If it is required under a state statute, then you have to report it and advise the patient, even if nothing happened, even if there was no damage. Is that going to spring a lawsuit? It may. Is it better to be candid with your patients? There has been a lot written on that. There’s a website called Sorry Works (https://sorryworks.net). But is notifying the patients going to spring a bunch of frivolous lawsuits? Nobody knows what the answer is.

At least one scope maker is facing the possibility of a class action lawsuit over alleged “superbug” infections acquired from contaminated duodenoscope exposure. Could medical facilities with multiple infected patients see the same?

Mr. Bond: We could not find an instance in which such a class had been certified by a judge. There are certain factors required for class certification, such as numerosity of class members and ascertainability of the class; in these instances, courts have found that claims brought by different groups did not meet the class certification requirements.

Are doctors and facilities at risk for criminal or civil penalties from, say, state or federal regulators?

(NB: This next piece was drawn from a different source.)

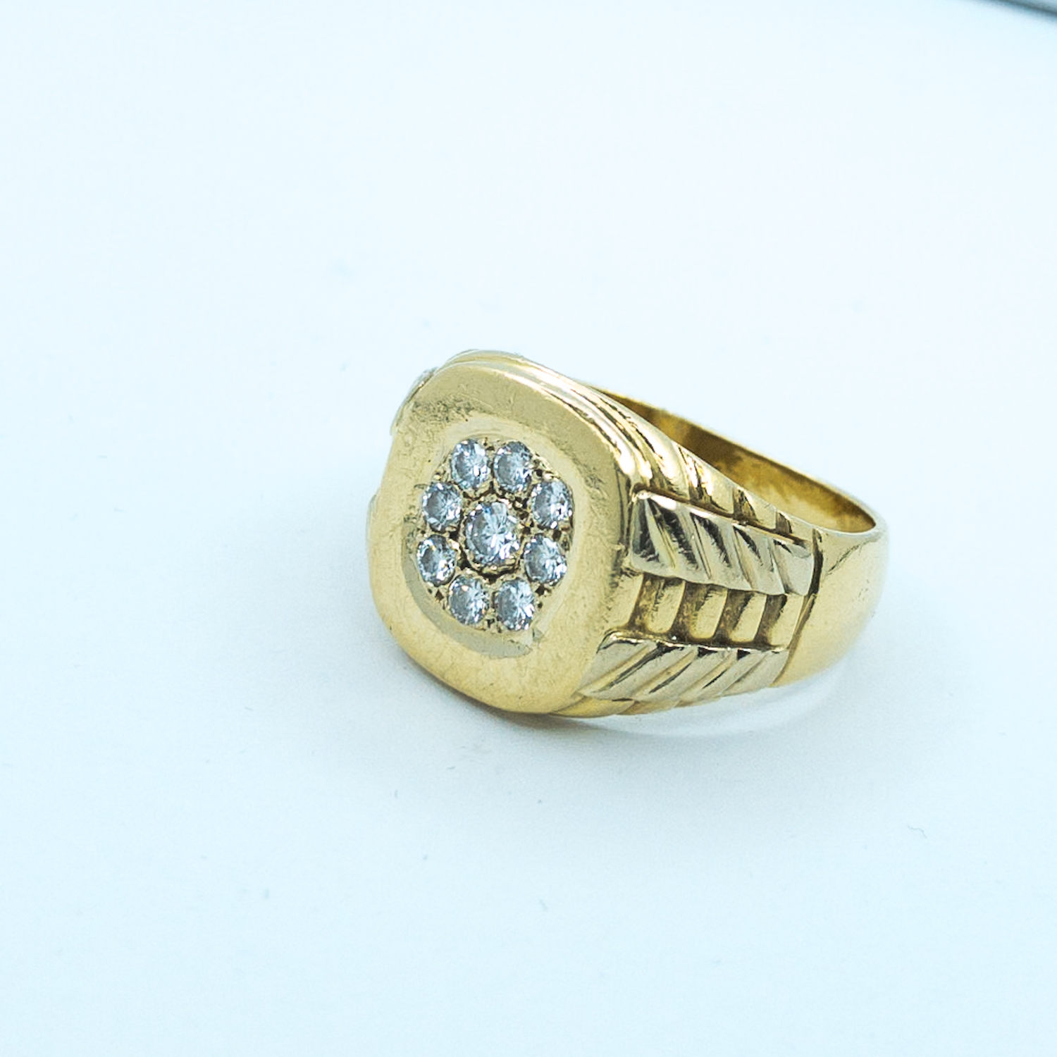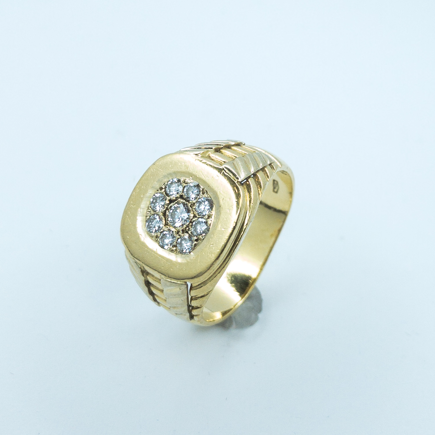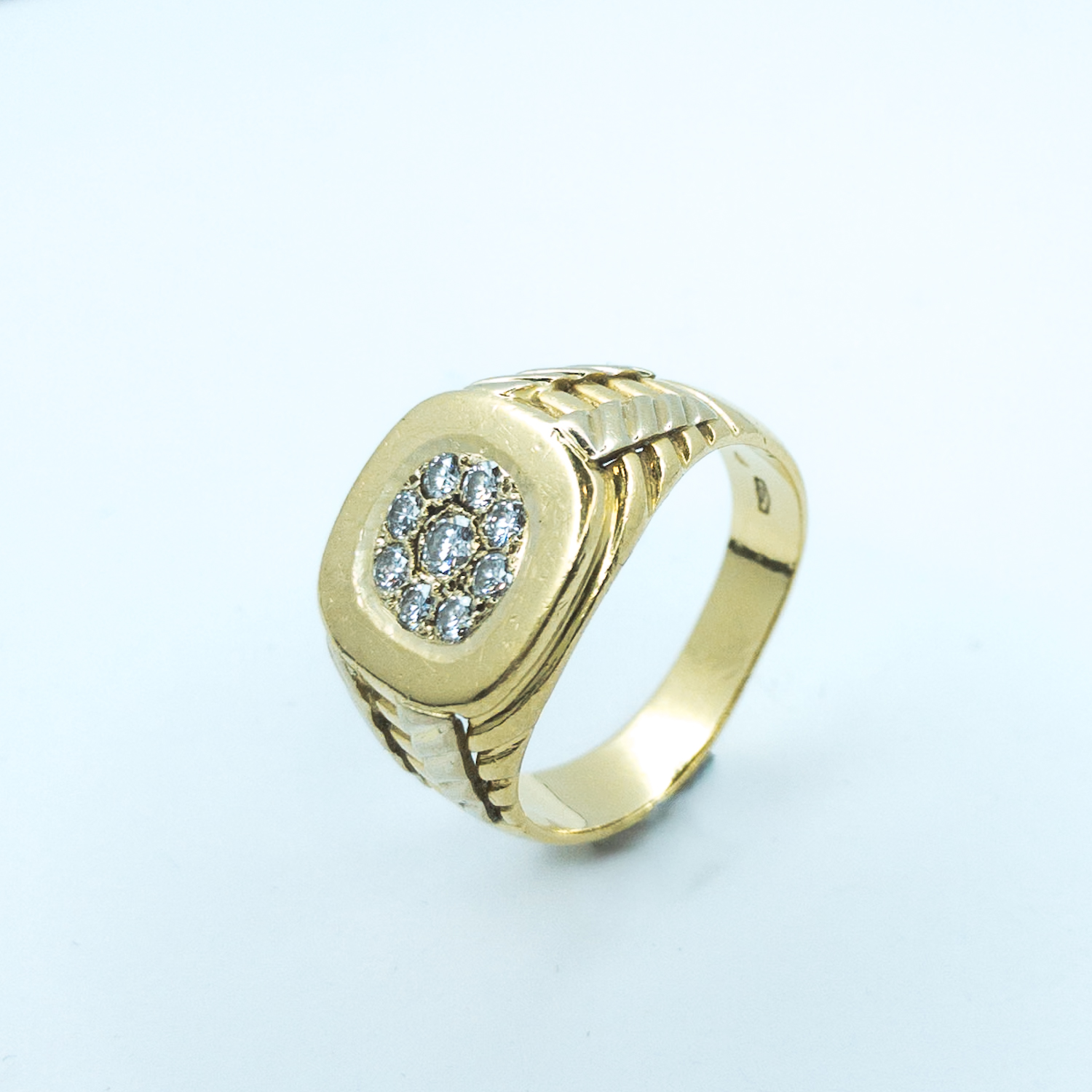 Pánský zlatý výrazný prsten je osazený přírodními diamanty briliantového brusu 0,50 ct,

Mr. Hoffman: There’s a potential for civil violations of state regulations if it created an unsafe situation. It would have to be fairly egregious. You could analogize this scenario to the nursing home situation. If inspectors came out and found there was an unsafe situation, there could be repercussions from a state agency. There could be repercussions from the Centers for Medicare & Medicaid Services if they were to investigate and find that there were a number of claims of a particular type at a particular institution.

Is the advice for how to handle a regulator any different?

Mr. Hoffman: Contact your insurance carrier and, even before you do that, contact a sophisticated lawyer who can help guide you through it.